Personal information
- Full name: Connor Joseph Jennings
- Date of birth: 29 October 1991 (age 34)
- Place of birth: Manchester, England
- Height: 6 ft 0 in (1.83 m)
- Position: Forward

Team information
- Current team: Tranmere Rovers
- Number: 18

Youth career
- 2005–2009: Stalybridge Celtic

Senior career*
- Years: Team / Apps / (Gls)
- 2009–2012: Stalybridge Celtic / 103 / (44)
- 2012–2014: Scunthorpe United / 16 / (0)
- 2012–2013: → Stockport County (loan) / 13 / (4)
- 2013: → Macclesfield Town (loan) / 16 / (14)
- 2014: → Grimsby Town (loan) / 12 / (1)
- 2014–2016: Wrexham / 86 / (20)
- 2016–2020: Tranmere Rovers / 140 / (27)
- 2017: → Macclesfield Town (loan) / 5 / (1)
- 2020–2023: Stockport County / 41 / (5)
- 2022–2023: → Altrincham (loan) / 9 / (1)
- 2023: Hartlepool United / 18 / (4)
- 2023–: Tranmere Rovers / 116 / (20)

International career
- 2011: England C / 1 / (1)

= Connor Jennings =

English footballer (born 1991)

Connor Joseph Jennings (born 29 October 1991) is an English professional footballer who plays as a forward for club Tranmere Rovers.

Jennings started his career with Stalybridge Celtic in the 2008–09 season, staying with them until halfway through 2011–12, where he scored over 50 goals in over 100 games, before moving on to Scunthorpe United. He has since played for Stockport County, Macclesfield Town, Grimsby Town, Wrexham, Altrincham and Hartlepool United.

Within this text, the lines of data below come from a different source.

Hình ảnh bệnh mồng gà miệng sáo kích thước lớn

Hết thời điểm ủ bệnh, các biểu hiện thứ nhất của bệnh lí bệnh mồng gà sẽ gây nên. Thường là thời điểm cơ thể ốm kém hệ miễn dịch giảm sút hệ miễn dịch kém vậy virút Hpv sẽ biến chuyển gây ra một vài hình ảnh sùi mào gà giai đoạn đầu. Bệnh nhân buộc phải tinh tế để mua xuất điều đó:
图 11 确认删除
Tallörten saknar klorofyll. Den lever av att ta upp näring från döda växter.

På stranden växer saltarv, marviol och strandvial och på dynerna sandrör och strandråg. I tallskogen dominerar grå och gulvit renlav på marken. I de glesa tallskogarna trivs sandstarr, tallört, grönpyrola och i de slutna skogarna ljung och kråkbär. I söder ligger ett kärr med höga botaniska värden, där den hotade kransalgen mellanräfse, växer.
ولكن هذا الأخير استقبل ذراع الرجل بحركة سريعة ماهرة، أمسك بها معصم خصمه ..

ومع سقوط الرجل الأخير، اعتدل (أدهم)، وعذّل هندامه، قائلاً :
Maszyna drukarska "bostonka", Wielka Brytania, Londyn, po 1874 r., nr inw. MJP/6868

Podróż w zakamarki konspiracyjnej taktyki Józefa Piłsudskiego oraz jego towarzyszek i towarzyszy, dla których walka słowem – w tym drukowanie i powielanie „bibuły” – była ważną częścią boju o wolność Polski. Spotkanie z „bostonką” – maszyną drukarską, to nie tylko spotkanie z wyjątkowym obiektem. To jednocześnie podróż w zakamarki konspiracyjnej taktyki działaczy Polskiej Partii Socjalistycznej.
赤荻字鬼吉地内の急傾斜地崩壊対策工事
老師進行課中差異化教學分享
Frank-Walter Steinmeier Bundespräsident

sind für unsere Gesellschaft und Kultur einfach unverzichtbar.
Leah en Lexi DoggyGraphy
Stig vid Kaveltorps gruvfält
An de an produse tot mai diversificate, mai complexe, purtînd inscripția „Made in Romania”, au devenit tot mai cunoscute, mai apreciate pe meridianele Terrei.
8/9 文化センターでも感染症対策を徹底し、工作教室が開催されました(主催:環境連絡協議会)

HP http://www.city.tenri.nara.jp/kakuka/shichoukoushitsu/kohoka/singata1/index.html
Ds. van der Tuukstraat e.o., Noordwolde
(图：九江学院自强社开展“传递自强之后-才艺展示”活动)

He played once for the England national C team, scoring one goal.

==Club career==
===Stalybridge Celtic===
Jennings was born in Manchester, Greater Manchester. He rose through the youth team at Stalybridge Celtic and made his debut for the club, on 3 March 2009, coming on as a substitute and scoring in a 7–1 victory over Hinckley United. He scored his second and third goals for the club as part of a 4–0 win over Burscough in April 2009. He started off the 2009–10 season well scoring once in August, as Celtic won 3–1 at home to Vauxhall Motors. He finished that season with 11 goals in all competitions. He got his 2010–11 season of to a good start by scoring in a 2–1 defeat to Nuneaton Town. This turned out to be his most prolific season yet, scoring 18 goals, including two brace's towards the end of the season, against Gloucester City and Vauxhall Motors.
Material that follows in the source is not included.